From the first line to the last, output the data exactly as it stands, minus its pictures.

Dataset entries -
·····

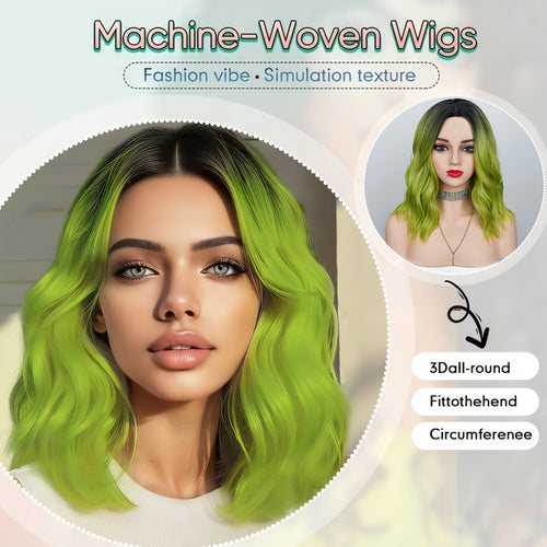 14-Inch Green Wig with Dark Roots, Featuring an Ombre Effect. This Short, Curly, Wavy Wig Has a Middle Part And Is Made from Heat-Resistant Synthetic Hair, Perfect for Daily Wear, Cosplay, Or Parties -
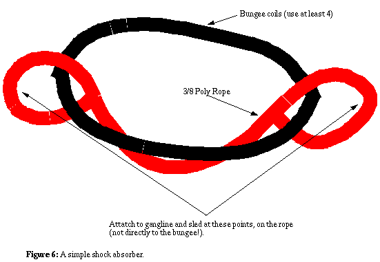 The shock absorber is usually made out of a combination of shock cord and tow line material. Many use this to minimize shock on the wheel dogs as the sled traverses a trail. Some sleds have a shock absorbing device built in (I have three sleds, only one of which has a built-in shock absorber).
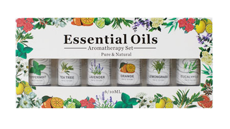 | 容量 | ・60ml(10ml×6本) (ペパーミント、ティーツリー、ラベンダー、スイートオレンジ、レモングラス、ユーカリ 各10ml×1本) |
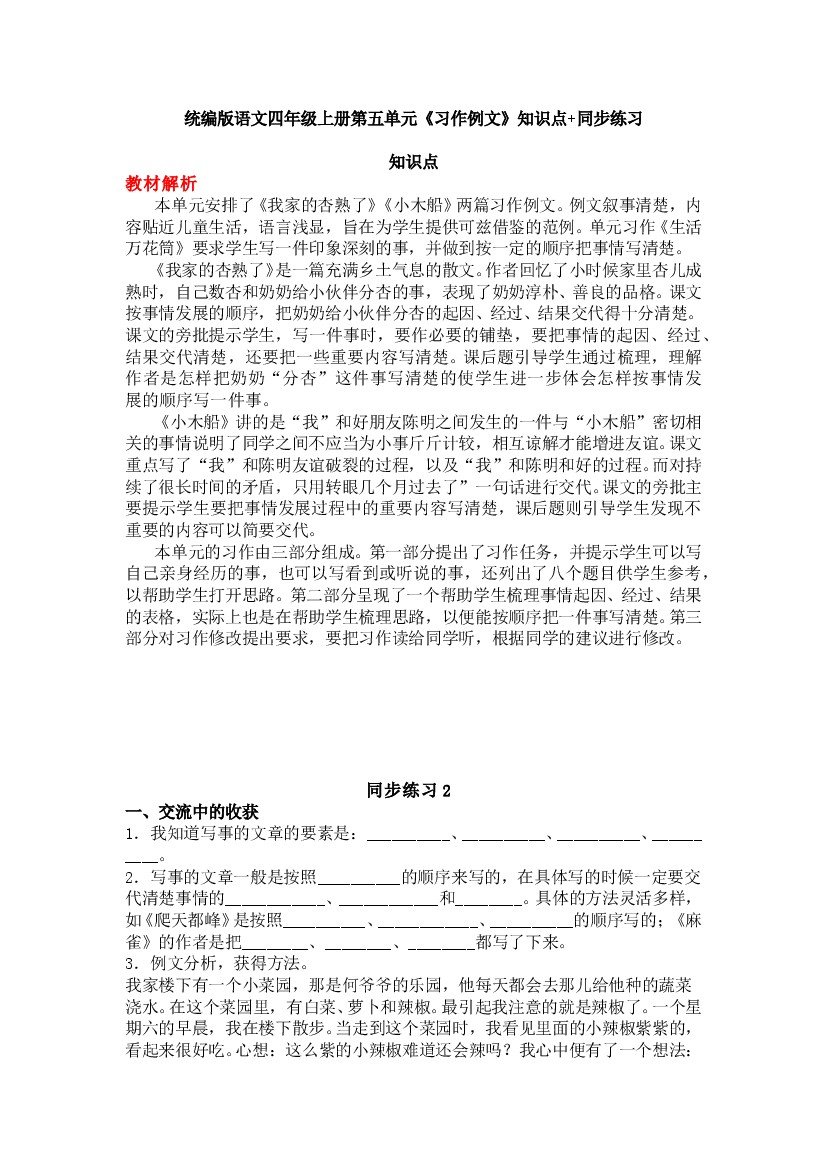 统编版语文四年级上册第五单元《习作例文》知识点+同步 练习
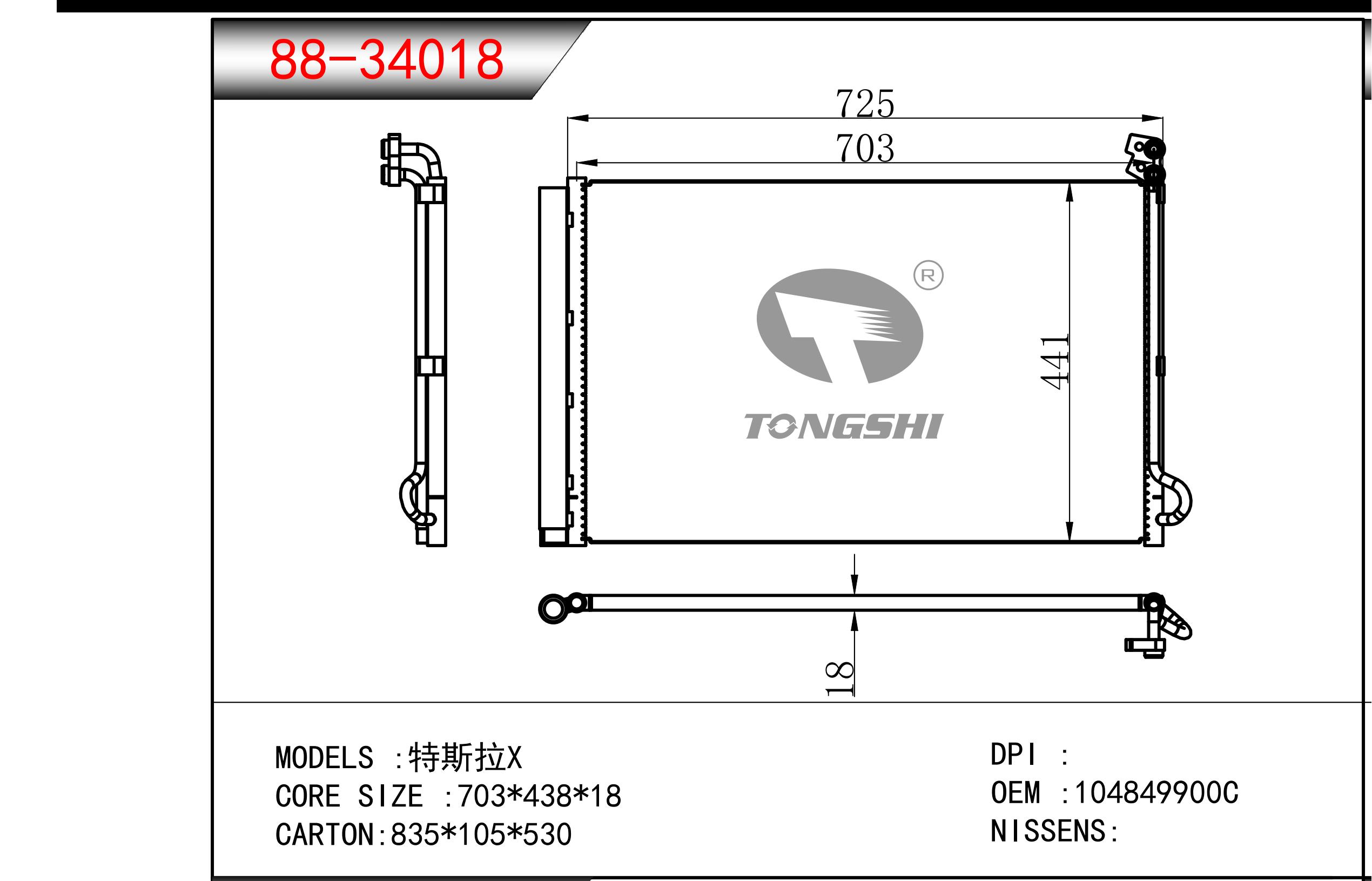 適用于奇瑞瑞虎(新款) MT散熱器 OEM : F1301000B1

·····

Answer below -
 14-Inch Green Wig with Dark Roots, Featuring an Ombre Effect. This Short, Curly, Wavy Wig Has a Middle Part And Is Made from Heat-Resistant Synthetic Hair, Perfect for Daily Wear, Cosplay, Or Parties -
 The shock absorber is usually made out of a combination of shock cord and tow line material. Many use this to minimize shock on the wheel dogs as the sled traverses a trail. Some sleds have a shock absorbing device built in (I have three sleds, only one of which has a built-in shock absorber).
 | 容量 | ・60ml(10ml×6本) (ペパーミント、ティーツリー、ラベンダー、スイートオレンジ、レモングラス、ユーカリ 各10ml×1本) |
 统编版语文四年级上册第五单元《习作例文》知识点+同步 练习
 適用于奇瑞瑞虎(新款) MT散熱器 OEM : F1301000B1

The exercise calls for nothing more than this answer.